ISLAMABAD/WASHINGTON: The government received $2.75 billion from the International Monetary Fund under a Special Drawing Rights programme to support low-income countries hit by the coronavirus, the State Bank of Pakistan said Tuesday.
The funds, part of a multi-billion-dollar global programme, will shore up foreign reserves, under pressure from a rise in the current account deficit.
Pakistan will get an additional $2.7 billion in funding as the International Monetary Fund will distribute about $650 billion in new Special Drawing Rights to its members, Managing Director Kristalina Georgieva said late on Monday.
Kristalina Georgieva, the agency’s managing director, had announced a day earlier to distribute about $650 billion to its members, providing a “significant shot in the arm” for global efforts to combat the pandemic.
Under the programme, the member countries will receive SDRs — the fund’s unit of exchange backed by dollars, euros, yen, sterling and yuan — in proportion with their existing quota shareholdings in the fund.
To spend their SDRs, countries would first have to exchange them for underlying hard currencies, requiring them to find a willing exchange partner country.
Countries can use the SDR allocation to support their economies and step up their fight against the coronavirus crisis, but should not use the fiscal space to delay needed economic reforms or debt restructuring, the IMF said in a separate guidance document.
The move is aimed at providing a “significant shot in the arm” for global efforts to combat the Covid-19 crisis, Georgieva said.
In December 2019, the Fund approved a three-year, $6 billion loan package for Pakistan to rein in mounting debts and stave off a looming balance of payments crisis, in exchange for tough austerity measures.
Past IMF programmes, also requiring Pakistan to agree to austerity measures, were deeply unpopular with the public. The regime of President Pervez Musharraf had trumpeted its break from this source of finance.
The agency’s largest-ever distribution of monetary reserves will provide additional liquidity for the global economy, supplementing member countries’ foreign exchange reserves and reducing their reliance on more expensive domestic or external debt, Georgieva said.
“The allocation is a significant shot in the arm for the world and, if used wisely, a unique opportunity to combat this unprecedented crisis,” she said.
The IMF underscored its concerns about diverging trends in the global economy and said the new SDR allocation would allow richer countries to help those hit hard by the pandemic while improving the outlook for the global economy.

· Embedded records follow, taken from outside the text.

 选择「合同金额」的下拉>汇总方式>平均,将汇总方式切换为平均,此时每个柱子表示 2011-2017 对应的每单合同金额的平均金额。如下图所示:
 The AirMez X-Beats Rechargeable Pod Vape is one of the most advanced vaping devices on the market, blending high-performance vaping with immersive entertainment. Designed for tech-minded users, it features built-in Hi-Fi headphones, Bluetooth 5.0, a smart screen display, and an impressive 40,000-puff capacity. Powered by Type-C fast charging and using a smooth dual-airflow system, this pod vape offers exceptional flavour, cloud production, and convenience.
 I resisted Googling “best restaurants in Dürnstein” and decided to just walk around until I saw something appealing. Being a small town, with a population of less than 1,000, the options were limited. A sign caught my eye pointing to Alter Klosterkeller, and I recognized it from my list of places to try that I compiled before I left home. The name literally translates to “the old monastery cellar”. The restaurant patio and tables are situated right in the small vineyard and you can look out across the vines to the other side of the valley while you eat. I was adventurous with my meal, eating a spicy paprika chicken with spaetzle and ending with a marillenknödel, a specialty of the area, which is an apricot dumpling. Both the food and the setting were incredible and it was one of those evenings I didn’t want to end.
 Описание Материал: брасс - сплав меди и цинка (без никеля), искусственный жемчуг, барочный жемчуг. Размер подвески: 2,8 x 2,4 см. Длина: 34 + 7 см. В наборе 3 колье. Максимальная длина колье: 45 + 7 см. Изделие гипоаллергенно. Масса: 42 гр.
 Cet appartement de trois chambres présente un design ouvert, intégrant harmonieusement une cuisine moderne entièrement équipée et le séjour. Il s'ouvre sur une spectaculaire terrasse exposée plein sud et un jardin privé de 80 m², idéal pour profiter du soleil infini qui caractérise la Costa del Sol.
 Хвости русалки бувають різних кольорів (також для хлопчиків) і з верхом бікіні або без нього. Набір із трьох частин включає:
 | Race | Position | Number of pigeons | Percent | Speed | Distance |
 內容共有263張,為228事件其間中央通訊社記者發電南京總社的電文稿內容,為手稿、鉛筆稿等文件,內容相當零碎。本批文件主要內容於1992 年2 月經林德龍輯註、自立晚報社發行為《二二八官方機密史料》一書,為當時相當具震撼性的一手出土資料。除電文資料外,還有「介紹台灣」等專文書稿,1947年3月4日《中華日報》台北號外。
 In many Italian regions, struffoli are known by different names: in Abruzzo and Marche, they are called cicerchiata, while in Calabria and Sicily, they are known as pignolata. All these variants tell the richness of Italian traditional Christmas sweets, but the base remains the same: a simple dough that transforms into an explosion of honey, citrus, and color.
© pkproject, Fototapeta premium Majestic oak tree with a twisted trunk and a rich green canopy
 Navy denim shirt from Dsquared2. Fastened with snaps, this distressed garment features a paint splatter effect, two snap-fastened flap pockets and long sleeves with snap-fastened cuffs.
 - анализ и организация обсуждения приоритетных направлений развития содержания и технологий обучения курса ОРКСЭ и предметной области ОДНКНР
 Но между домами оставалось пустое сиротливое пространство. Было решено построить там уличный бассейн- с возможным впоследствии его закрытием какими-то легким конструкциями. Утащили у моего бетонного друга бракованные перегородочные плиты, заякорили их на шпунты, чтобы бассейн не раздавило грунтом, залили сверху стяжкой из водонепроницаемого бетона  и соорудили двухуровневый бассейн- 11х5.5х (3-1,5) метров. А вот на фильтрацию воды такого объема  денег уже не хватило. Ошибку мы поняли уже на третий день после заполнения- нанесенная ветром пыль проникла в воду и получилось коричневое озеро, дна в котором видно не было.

GEORGIEVA THANKS IMRAN FOR EVACUATING IMF’S AFGHANISTAN OFFICIALS:
Meanwhile, Georgieva thanked Prime Minister Imran Khan Tuesday for the safe evacuation of the agency’s officials from Afghanistan after the Taliban takeover.
She said Pakistan’s efforts at the highest levels amid a complex situation in the war-torn country to help the Fund staffers by securing a safe passage to Hamid Karzai International Airport in Kabul were “absolutely critical” to the evacuation.
“I especially appreciate the instrumental roles played by Pakistan’s ministers for Foreign Affairs, Finance and Defense as well as Governor of State Bank of Pakistan,” she said.
Georgieva further said the lender was grateful for its partnership with Pakistan and looked forward to “continuing our cooperation”.
“We extend our very best wishes to you and your people,” she added.